The Third Estate Sunday Review focuses on politics and culture. We're an online magazine. We don't play nice and we don't kiss butt. In the words of Tuesday Weld: "I do not ever want to be a huge star. Do you think I want a success? I refused "Bonnie and Clyde" because I was nursing at the time but also because deep down I knew that it was going to be a huge success. The same was true of "Bob and Carol and Fred and Sue" or whatever it was called. It reeked of success."
Sunday, September 14, 2014
Book Corner
Every summer, Marcia and Rebecca team up to cover a book. This year, they covered Victoria Wilson's A Life of Barbara Stanwyck: Steel True 1907 -1940.
They offered "Avoid this book!" and "worst book of the century."
For those who might have different tastes, they recommend you judge by this excerpt on how Stanwyck's first marriage was instrumental to the film 1937 film A Star Is Born:
The model for the Vicki Lester-Norman Maine marriage was Barbara's marriage to Fay, which by this point had become Hollywood lore. Fay had come to Hollywood a huge Broadway star; Barbara's big Broadway sucess in Burlesque had carried no weight in Hollywood. She was an unknown girl married to one of the biggest draws in vaudeville and on Broadway. For the first few years in Hollywood, after Fay changed his mind and allowed Barbara to work, he'd guided and supported her career; it was Fay who had Harry Cohn hire his wife for Mexicali Rose and arrange to pay her salary. Fay brought [Frank] Capra a copy of Barbara's test scene from The Noose, shot by Alexander Korda, when Barbara, after making eleven unsuccessful tests, refused to make another for Capra's new picture, Ladies of Leisure, and it was Fay who insisted that Capra watch the test. Capra, watching it, had fallen in love with Barbara and starred her in four of his pictures, launching her career. Wellman and Carson used this in the picture when Norman Maine insists that the producer, Oliver Niles, watch Esther Blodgett's screen test.

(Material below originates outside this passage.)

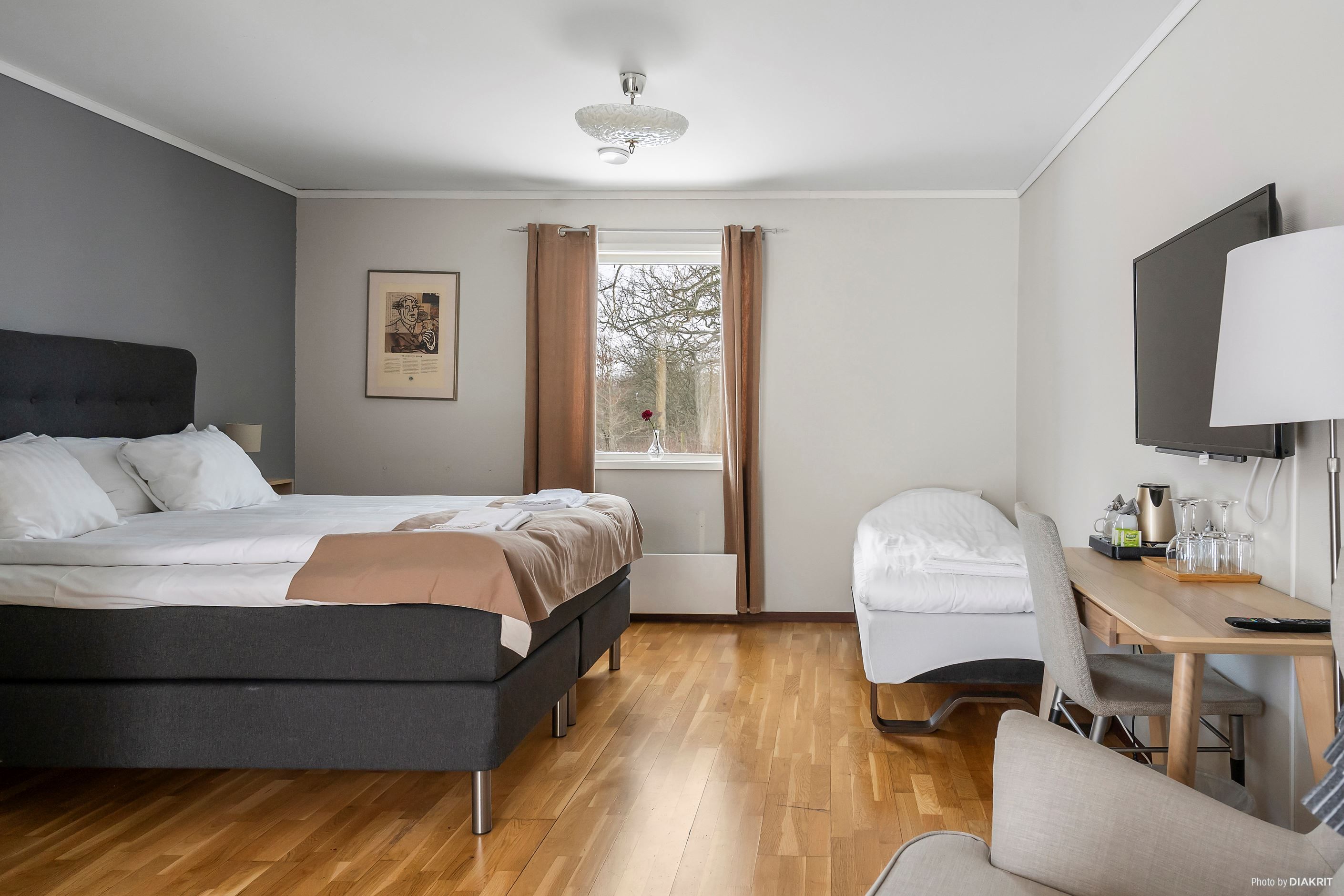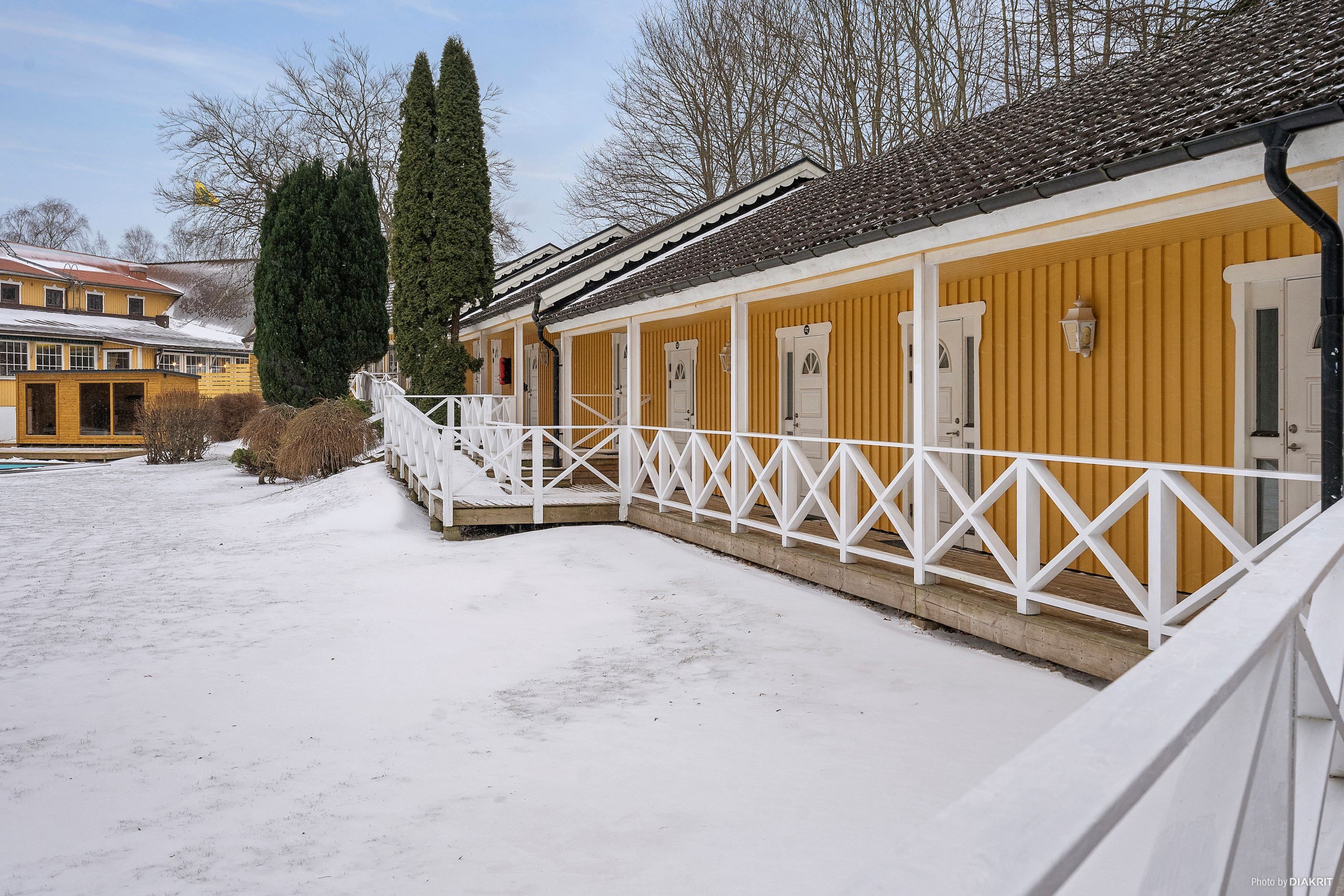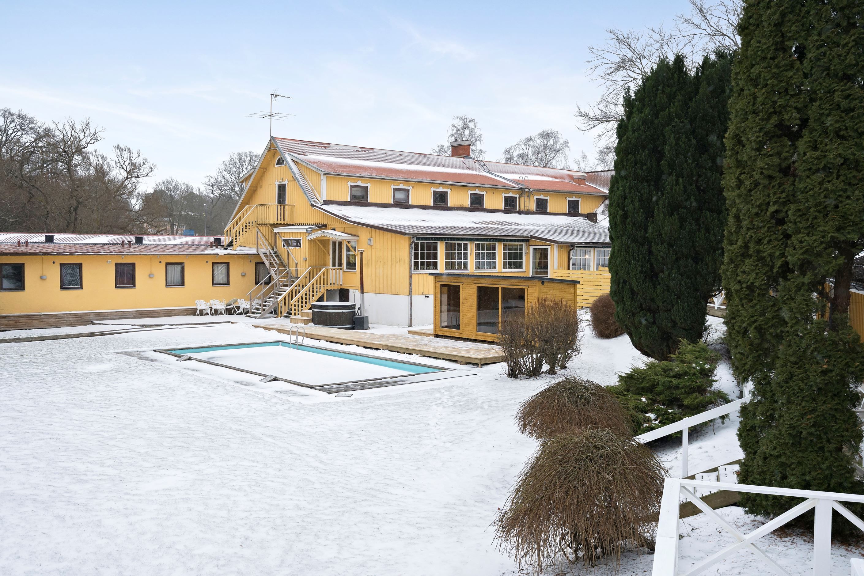 Utöver detta finns 33 brukbara hotellrum fördelade i tre separata längor samt en större konferenssal, vilket ger mycket goda förutsättningar för större arrangemang såsom bröllop, konferenser och weekendpaket. Hela 22 av rummen har under senare tid renoverats med nya ytskikt, vilket ger ett modernt och välkomnande intryck och minimerar behovet av ytterligare investeringar på kort sikt.
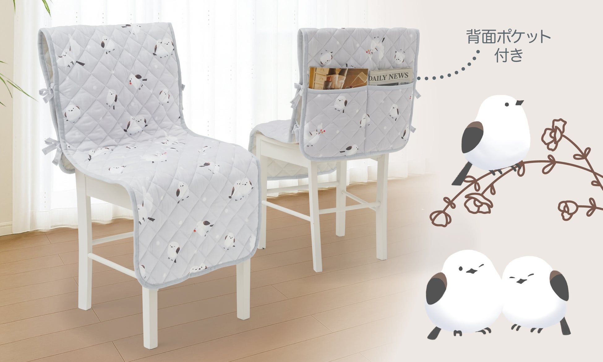 ”雪の妖精”シマエナガ柄 で椅子の汚れ・キズを隠して印象チェンジ♪ふんわりキルトのチェアカバー

It was part of Hollywood lore that as Barbara's star began to rise in picture after picture, Fay's godlike stature as Broadway's Favorite Son began to collapse. Warner Bros. had put Fay in one improbable movie role after another in an attempt to make the red-headed, brilliant monologuist into the screen's most irresistible Latin lover.
Bill Wellman had watched much of this unfold. He adored Stanwyck and she him. They'd made three pictures together -- Night Nurse, So Big, The Purchase Price -- during the years -- 1931-1932 -- when Barbara's marriage was starting to come apart. In many ways Bill felt that Barbara was a female version of himself: the leanness, the energy, the passion, the toughness, the fierce loyalty.
Hollywood had watched appalled and sniggering as Barbara stood steadfast by Fay's side ("I'm Mrs. Frank Fay," she'd insisted to reporters at the height of her stardom and the low point of his): through his publicized brawls, his string of failed pictures, and his disastrous return to Broadway's Palace, where he'd once he'd played the longest engagement in the theater's history.